Herbe, bittere Grapefruit-Schale mit einem seifig-grünen Unterton. Trockener und strenger als natürliches Grapefruitöl, das schwefelhaltige und aldehydische Eigenschaften bewahrt. Ein schwacher Veilchen-Holz-Unterton liegt unter der Zitrusnote und verleiht ihm mehr Komplexität als ein einfaches Terpenaldehyd. Weniger süß alsZitrone Chemikalien, weniger blumig als Bergamotteund ohne den schwefelhaltigen Knall von Thioterpineol (Grapefruit-Mercaptan, das Molekül, das tatsächlich für das natürliche Grapefruit-Aroma verantwortlich ist). Moderate Diffusion; begrenzte Haftung.
Evolution over time
Immediately
Immediately
Scharfe, bittere Grapefruitschale. Klar und herb, mit einer seifig-grünen Note. Die Bitterkeit ist ausgeprägt — mehr Schale als Saft.
After a few hours
After a few hours
Der Zitrusbiss wird weicher. Ein schwacher holzig-violetter Unterton wird wahrnehmbar, und die seifige Facette glättet sich zu etwas Saubererem und Abstrakterem. Der Grapefruit-Charakter verblasst, verschwindet aber nicht ganz.
After a few days
After a few days
Fast verschwunden. Ein schwacher, sauberer, leicht wachsartiger Rückstand — der Geist von Zitrusschale auf trockenem Papier. Die Haltbarkeit ist durch den relativ hohen Dampfdruck des Moleküls begrenzt (0,214 mmHg bei 25 °C).
The Full Story
Methyl pamplemousse ist das Dimethylacetal von Traveal (2,2,5-trimethyl-4-hexenal). Sein IUPAC-Name lautet 6,6-Dimethoxy-2,5,5-trimethylhex-2-en. Die Acetalstruktur macht es chemisch stabil in alkalischen Basen — Seifen, Reinigungsmitteln, Pulverformulierungen — wo natürliche Zitrusöle schnell zersetzen. Diese Stabilität, kombiniert mit einer klaren, grapefruit-schalenbitteren Note, machte es zu einem häufig verwendeten synthetischen Zitrusstoff sowohl in der hochwertigen Parfümerie als auch in der funktionalen Parfümerie.
Wie es riecht
Auf einem Duftstreifen ist der Auftakt scharf und bitter — Grapefruitschale, nicht Saft.

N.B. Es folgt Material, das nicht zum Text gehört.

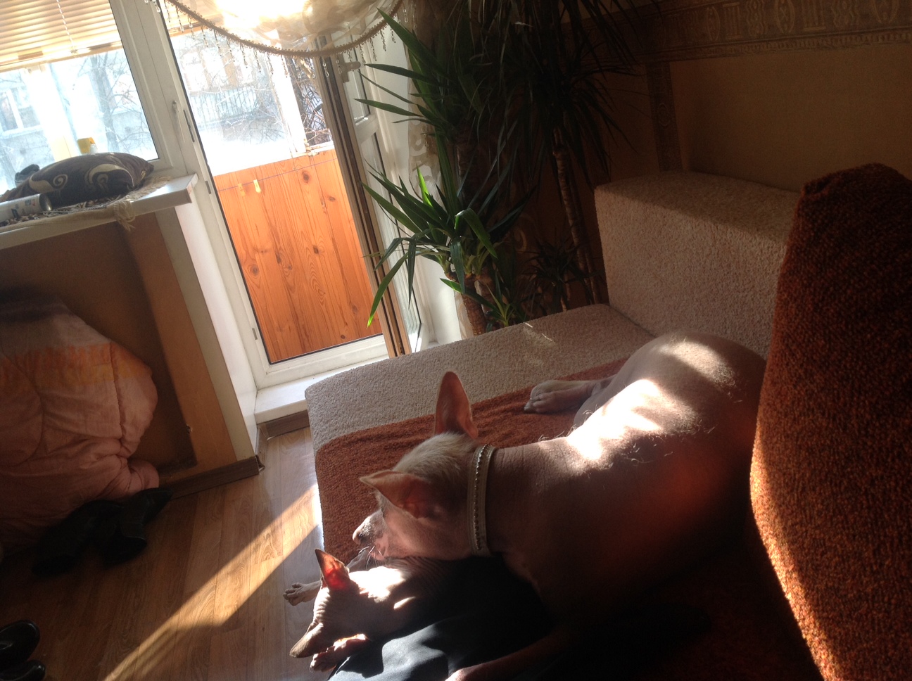 Зайкп греет собачку)))) собачка же голая мерзнет))))

Innerhalb von Minuten tritt ein seifiger, leicht holziger Unterton hervor, zusammen mit einer schwachen grün-violetten Qualität, die es von einfachen Zitrusaldehyden unterscheidet. Im Vergleich zuBergamotteist methyl pamplemousse trockener, bitterer und fehlt die teeartige Süße der Bergamotte. Im Vergleich zu Nootkaton — dem Sesquiterpen-Keton, das natürlich in Grapefruit vorkommt — ist es grüner und deutlich spritziger, während Nootkaton eher in holzig-amberartige Bereiche tendiert. Die Haltbarkeit ist begrenzt: etwa zwei Stunden auf einem Duftstreifen bei 100%.
Chemie
Molekularformel: C₁₁H₂₂O₂. Molekulargewicht: 186,29. CAS: 67674-46-8. EINECS: 266-885-2. Dichte: 0,865–0,885 bei 25°C. Brechungsindex: 1,430–1,450 bei 20°C. Siedepunkt: 214–215°C bei 760 mmHg. Flammpunkt: 83°C (TCC). Farblos bis blassgelbe Flüssigkeit. Das Molekül wird durch Acetalisierung von Traveal (2,2,5-trimethyl-4-hexenal) mit Methanol synthetisiert. Kommerzielle Präparate können Spuren des nicht umgesetzten Aldehyd-Vorläufers enthalten.
Handelsnamen
Verkauft als Methyl Pamplemousse (verschiedene Anbieter), Amarocit (Handelsname), Pomelocit, Pamplerom. Kein exklusives Molekül — weit verbreitet auf dem offenen Markt von mehreren Duftchemikalienlieferanten erhältlich.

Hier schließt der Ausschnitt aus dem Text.